## Data section
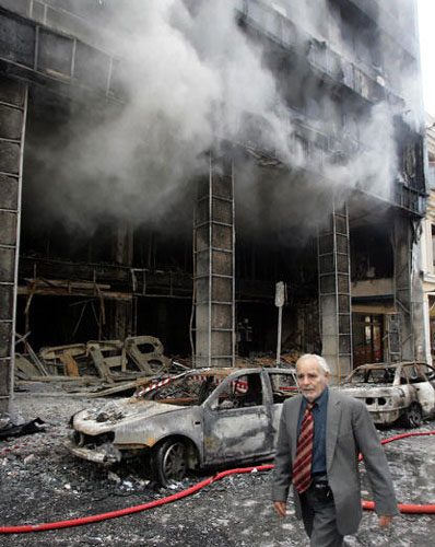 雖然政府公開呼吁各方冷靜,但在周日早間騷亂稍微平息之后,從中午開始,示威者繼續(xù)到處放火,向警察和商鋪投擲石塊,雅典市中心濃煙密布,在直升機的俯瞰下,灰蒙蒙一片。
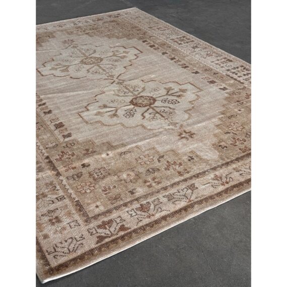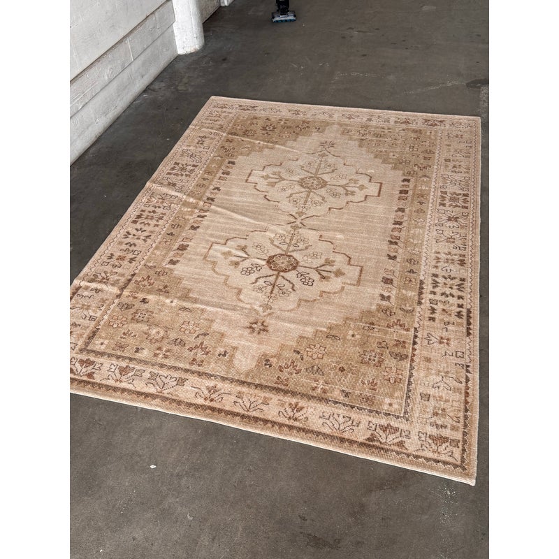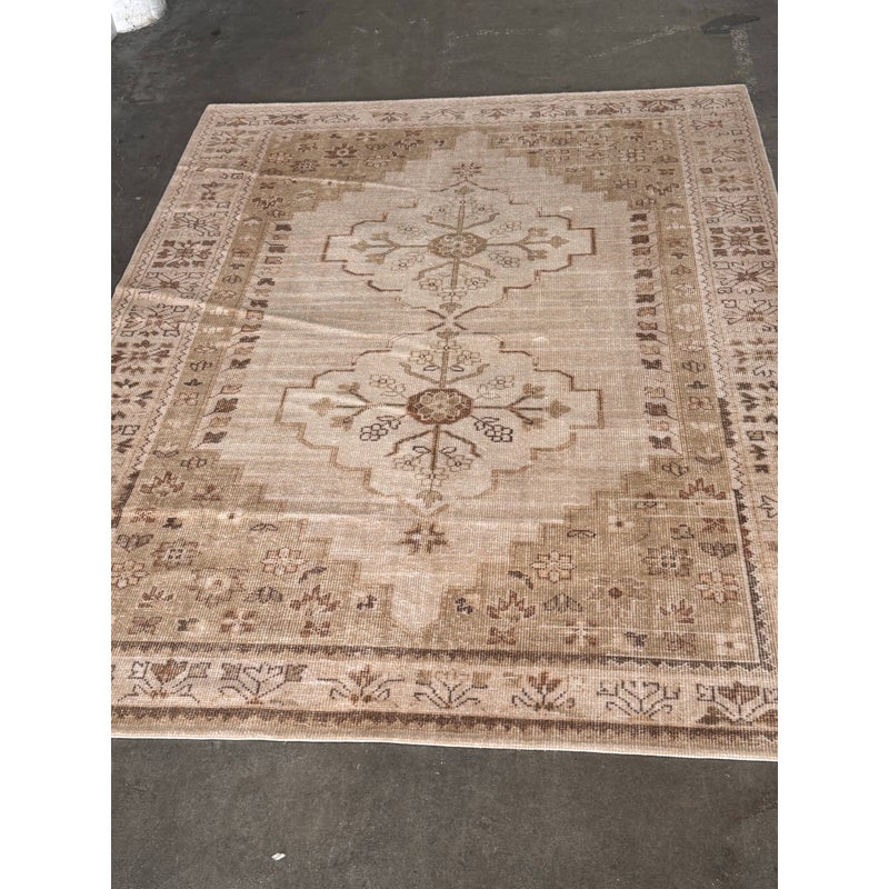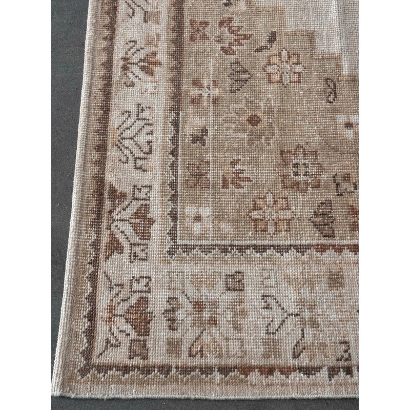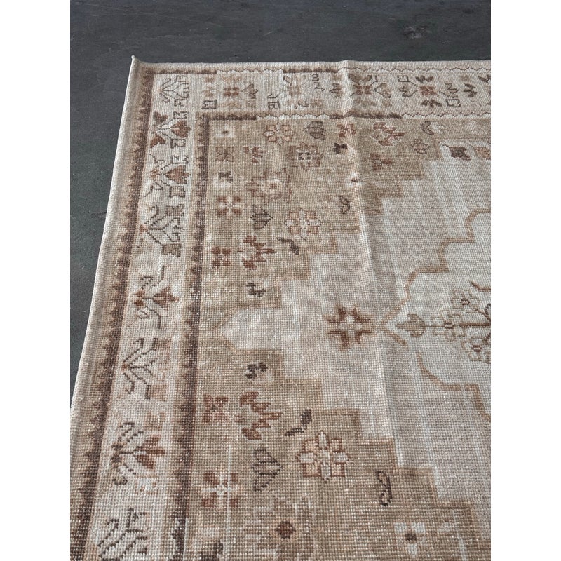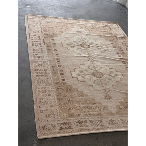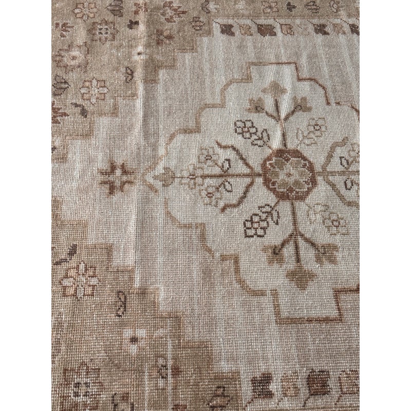 Design Plus Gallery presents a 9ft x 12ft Aurelia Hand-Knotted Wool Rug from Pottery Barn. This hand-knotted rug is made from wool with a central medallion and stepped geometric borders. The palette includes ivory and sand tones with muted terracotta accents, plus small stylized floral and geometric motifs throughout. The low, even pile highlights the pattern while keeping the overall look relaxed. It is in good condition with visible and minimal wear from usage. Made in India.
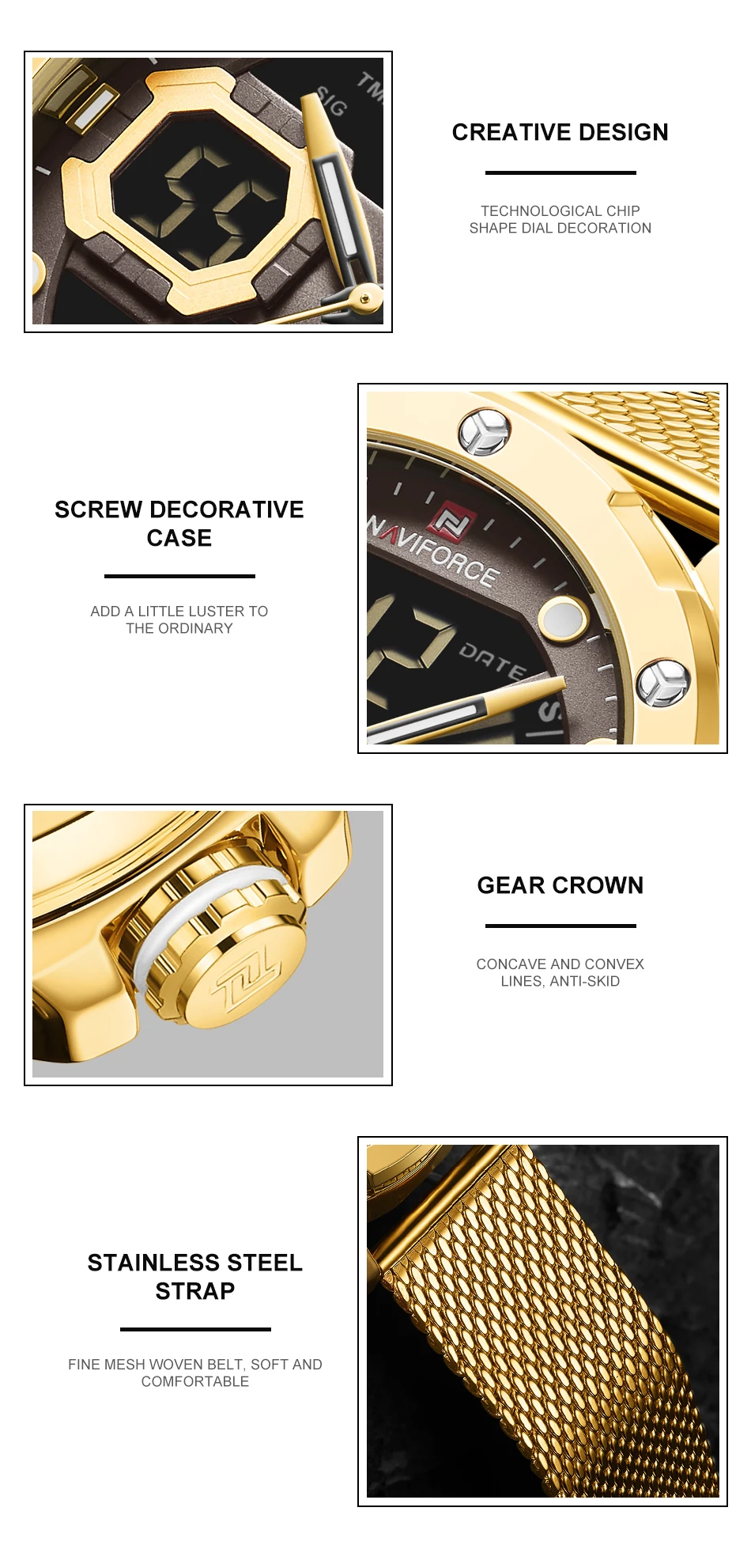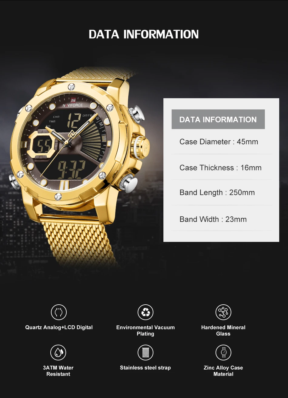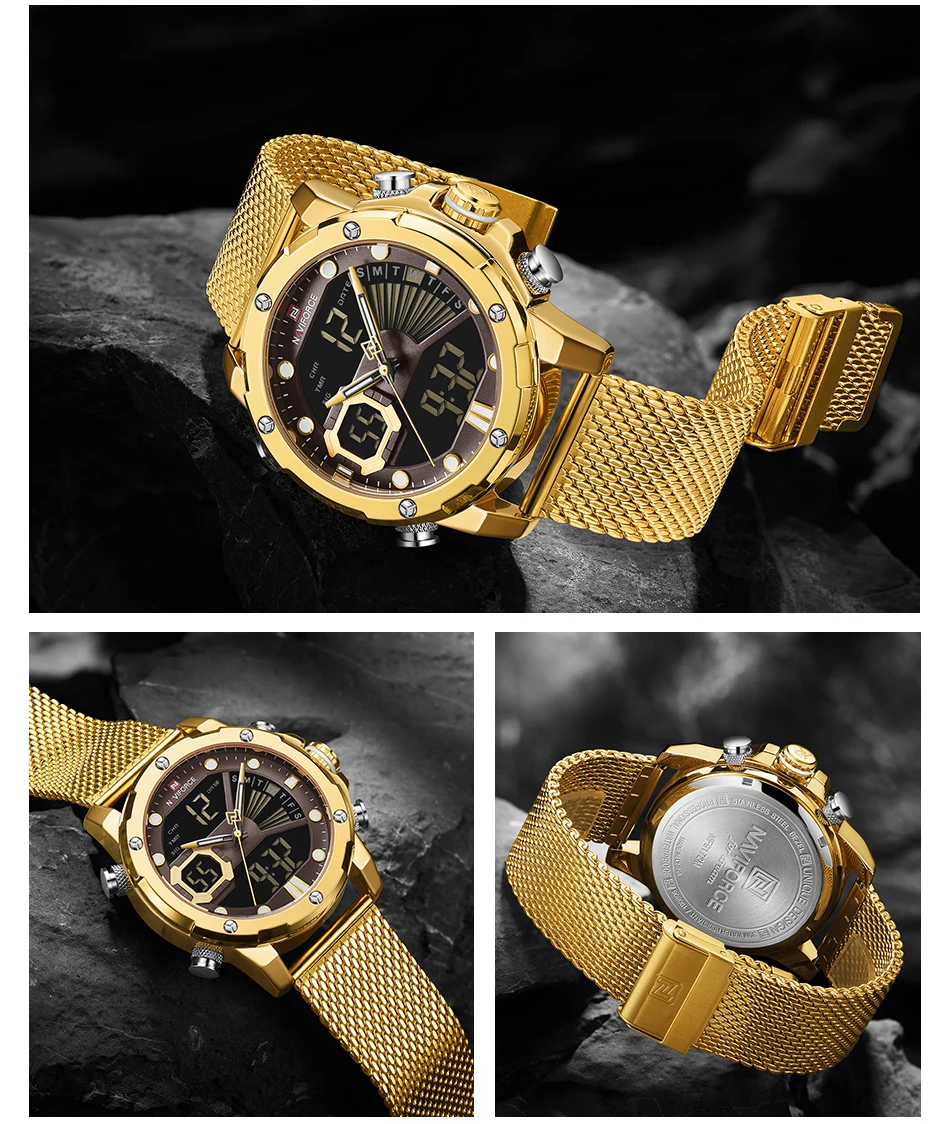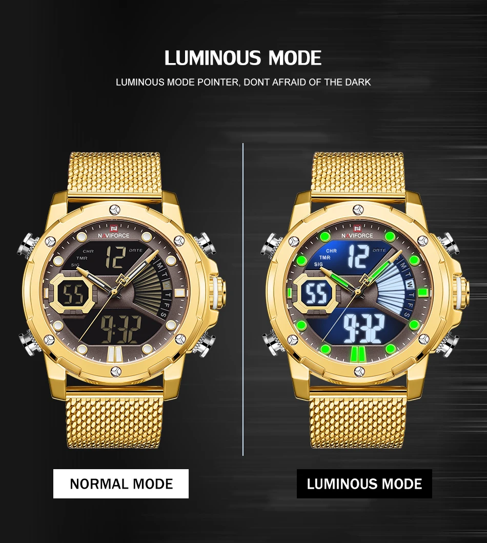 Описание 100% оригинал новый и высокое качество Будильник с 4 мин, Повтор Отображение дня, даты и времени Рождество каждый час Хронограф с круговым механизмом и 1/100 Двухъядерный Аналоговый и цифровой дисплей Функция EL (синий) Функция ежечасного звонка Браслет из нержавеющей стали Водонагреватель Технические характеристики Материал корпуса: сплав Чехол Диаметр: 45 мм Чехол Толщина: 16 мм Материал ремешка: сетчатый ремешок из нержавеющей стали Длина ремешка (включая чехол): 250 мм Ширина ремешка: 23 мм Вес изделия: 156 г Что входит в комплект 100% новый бренд NAVIFORCE 1 x аналоговый и цифровой дисплей с будильником и EL Blue Function Watch

## Task statement
Return all the lines above exactly; none of the pictures should appear.

## Answer section
 雖然政府公開呼吁各方冷靜,但在周日早間騷亂稍微平息之后,從中午開始,示威者繼續(xù)到處放火,向警察和商鋪投擲石塊,雅典市中心濃煙密布,在直升機的俯瞰下,灰蒙蒙一片。
 Design Plus Gallery presents a 9ft x 12ft Aurelia Hand-Knotted Wool Rug from Pottery Barn. This hand-knotted rug is made from wool with a central medallion and stepped geometric borders. The palette includes ivory and sand tones with muted terracotta accents, plus small stylized floral and geometric motifs throughout. The low, even pile highlights the pattern while keeping the overall look relaxed. It is in good condition with visible and minimal wear from usage. Made in India.
 Описание 100% оригинал новый и высокое качество Будильник с 4 мин, Повтор Отображение дня, даты и времени Рождество каждый час Хронограф с круговым механизмом и 1/100 Двухъядерный Аналоговый и цифровой дисплей Функция EL (синий) Функция ежечасного звонка Браслет из нержавеющей стали Водонагреватель Технические характеристики Материал корпуса: сплав Чехол Диаметр: 45 мм Чехол Толщина: 16 мм Материал ремешка: сетчатый ремешок из нержавеющей стали Длина ремешка (включая чехол): 250 мм Ширина ремешка: 23 мм Вес изделия: 156 г Что входит в комплект 100% новый бренд NAVIFORCE 1 x аналоговый и цифровой дисплей с будильником и EL Blue Function Watch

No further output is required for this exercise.